Create new compute plan asset.

Arguments:

  • data (Union[dict, schemas.ComputePlanSpec], required): If it is a dict, it must have the same keys as specified in schemas.ComputePlanSpec.

  • auto_batching (bool, optional): Set ‘auto_batching’ to False to upload all the tuples of the compute plan at once. Defaults to True.

  • batch_size (int, optional): If ‘auto_batching’ is True, change batch_size to define the number of tuples uploaded in each batch (default 500).

Returns:

  • models.ComputePlan: Created compute plan

add_compute_plan_tuples

add_compute_plan_tuples(self, key: str, tuples: Union[dict, substra.sdk.schemas.UpdateComputePlanTuplesSpec], auto_batching: bool = True, batch_size: int = 500) -> substra.sdk.models.ComputePlan

Update compute plan.

Arguments:

  • key (str, required): Compute plan key

  • tuples (Union[dict, schemas.UpdateComputePlanTuplesSpec], required): If it is a dict, it must have the same keys as specified in schemas.UpdateComputePlanTuplesSpec.

  • auto_batching (bool, optional): Set ‘auto_batching’ to False to upload all the tuples of the compute plan at once. Defaults to True.

  • batch_size (int, optional): If ‘auto_batching’ is True, change batch_size to define the number of tuples uploaded in each batch (default 500).

Returns:

add_data_sample

add_data_sample(self, data: Union[dict, substra.sdk.schemas.DataSampleSpec], local: bool = True) -> str

Create a new data sample asset and return its key.

Arguments:

  • data (Union[dict, schemas.DataSampleSpec], required): data sample to add. If it is a dict, it must follow the DataSampleSpec schema.

  • local (bool, optional): If local is true, path must refer to a directory located on the local filesystem. The file content will be transferred to the server through an HTTP query, so this mode should be used for relatively small files (<10mo).
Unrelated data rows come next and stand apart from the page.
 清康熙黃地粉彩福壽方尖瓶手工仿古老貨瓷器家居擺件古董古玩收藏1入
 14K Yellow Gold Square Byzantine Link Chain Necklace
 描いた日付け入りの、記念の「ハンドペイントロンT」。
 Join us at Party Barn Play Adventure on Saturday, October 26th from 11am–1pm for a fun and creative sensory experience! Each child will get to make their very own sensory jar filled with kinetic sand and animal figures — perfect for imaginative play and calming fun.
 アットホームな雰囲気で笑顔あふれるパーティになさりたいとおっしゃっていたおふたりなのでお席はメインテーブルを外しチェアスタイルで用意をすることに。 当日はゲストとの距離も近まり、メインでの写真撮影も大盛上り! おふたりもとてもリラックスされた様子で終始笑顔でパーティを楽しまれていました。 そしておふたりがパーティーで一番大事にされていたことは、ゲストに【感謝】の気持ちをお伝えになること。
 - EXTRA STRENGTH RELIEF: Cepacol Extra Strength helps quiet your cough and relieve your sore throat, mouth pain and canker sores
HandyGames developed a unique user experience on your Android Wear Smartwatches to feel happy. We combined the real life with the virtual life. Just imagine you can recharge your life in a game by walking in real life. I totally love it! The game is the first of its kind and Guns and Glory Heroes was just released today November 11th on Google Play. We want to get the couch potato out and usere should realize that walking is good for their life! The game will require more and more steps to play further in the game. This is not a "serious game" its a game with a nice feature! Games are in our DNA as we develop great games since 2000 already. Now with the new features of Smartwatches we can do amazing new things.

If local is false, path must refer to a directory located on the server filesystem. This directory must be accessible (readable) by the server. This mode is well suited for all kind of file sizes. Defaults to True.

Returns:

  • str: key of the data sample

add_data_samples

add_data_samples(self, data: Union[dict, substra.sdk.schemas.DataSampleSpec], local: bool = True) -> List[str]

Create many data sample assets and return a list of keys. Create multiple data samples through a single HTTP request. This method is well suited for adding multiple small files only. For adding a large amount of data it is recommended to add them one by one. It allows a better control in case of failures.

Arguments:

  • data (Union[dict, schemas.DataSampleSpec], required): data samples to add. If it is a dict, it must follow the DataSampleSpec schema. The paths in the data dictionary must be a list of paths where each path points to a directory representing one data sample.

  • local (bool, optional): Please refer to the method Client.add_data_sample. Defaults to True.

Returns:

  • List[str]: List of the data sample keys

add_dataset

add_dataset(self, data: Union[dict, substra.sdk.schemas.DatasetSpec])

Create new dataset asset and return its key.

Arguments:

  • data (Union[dict, schemas.DatasetSpec], required): If it is a dict, it must have the same keys as specified in schemas.DatasetSpec.

Returns:

  • str: Key of the dataset

add_task

add_task(self, data: Union[dict, substra.sdk.schemas.TaskSpec]) -> str

Create new task asset.

Arguments:

  • data (Union[dict, schemas.TaskSpec], required): If it is a dict, it must have the same keys as specified in schemas.TaskSpec.

Returns:

  • str: Key of the asset

cancel_compute_plan

cancel_compute_plan(self, key: str) -> None

Cancel execution of compute plan. Nothing is returned by this method

describe_algo

describe_algo(self, key: str) -> str

Get algo description.

describe_dataset

describe_dataset(self, key: str) -> str

Get dataset description.

download_algo

download_algo(self, key: str, destination_folder: str) -> None

Download algo resource. Download algo package in destination folder.

Arguments:

  • key (str, required): Algo key to download

  • destination_folder (str, required): Destination folder

Returns:

  • pathlib.Path: Path of the downloaded algo

download_dataset

download_dataset(self, key: str, destination_folder: str) -> None

Download data manager resource. Download opener script in destination folder.

Arguments:

  • key (str, required): Dataset key to download

  • destination_folder (str, required): Destination folder

Returns:

  • pathlib.Path: Path of the downloaded dataset

download_logs

download_logs(self, tuple_key: str, folder: str) -> str

Download the execution logs of a failed tuple to a destination file. The logs are saved in the folder to a file named ‘tuple_logs_{tuple_key}.txt’.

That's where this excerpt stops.